What gets us through these emotional moments is our ability to cope, our resources, our resilience, our strategies and our support networks.
Not every child grows up in an environment where life skills are encouraged during their development, just as not every parent is equally equipped to cope with the challenges of raising children. While we do not know how pertinent these issues were to Mikaeel’s short life, we know that far too many vulnerable children are growing up in Scotland at risk of harm, abuse and neglect.
Children 1st was founded as the RSSPCC 130 years ago by people who were concerned at seeing children they knew being abused and neglected. What drove them was their desire to change things for vulnerable children, to provide them not just with the protection of the law, but also protection through the actions of communities and people.
Yet very often, people are unsure what to do if they have a concern about a child. Sometimes people are afraid that they’ll get it wrong, they’re afraid that they will break up a family, or are afraid of false allegations against them for getting involved.

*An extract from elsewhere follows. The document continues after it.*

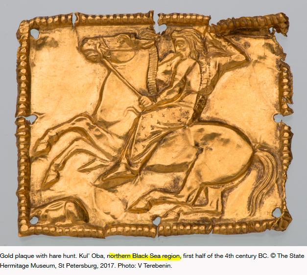 Золота пластина зі сценою полювання на зайця. Той самий курган Куль-Оба у Криму. Підписано як Північне Причорномор’я (northern Black Sea region). Очевидно, що це не халатність, а продуманий системний підхід. Уникнення згадок про Крим і Україну є свідомою маніпуляцією. На сайті Ермітажу всі українські знахідки теж вказані без країни походження.

In almost all of the high profile cases involving the death of a child in recent years, people within the community were concerned about that child’s well-being but either did not act, or felt they were not taken seriously when they did.
It is people, not procedures, that keep children safe, and all of us have a responsibility to protect Scotland’s children. We must all ask what we can do to keep the children we know or see safe, although it was heartening to see how many were moved to act when Mikkaeel went missing.
As professionals, we need to respond to concerns when they are expressed by members of the public and focus on prevention rather than reaction when working with parents. From the work Children 1st does with young children, we know that the most vulnerable families often need more specific supports, including help with parenting skills, family relationships, attachment and child development. For many vulnerable families, these are the kind of essential services which children need to have if they are to have a better start in life .
As we hear more about the life of Mikaeel Kular in the coming days, I urge everyone in Scotland to play their part in keeping other children safe by not ignoring a child’s cry for help or turning a blind eye to vulnerable children.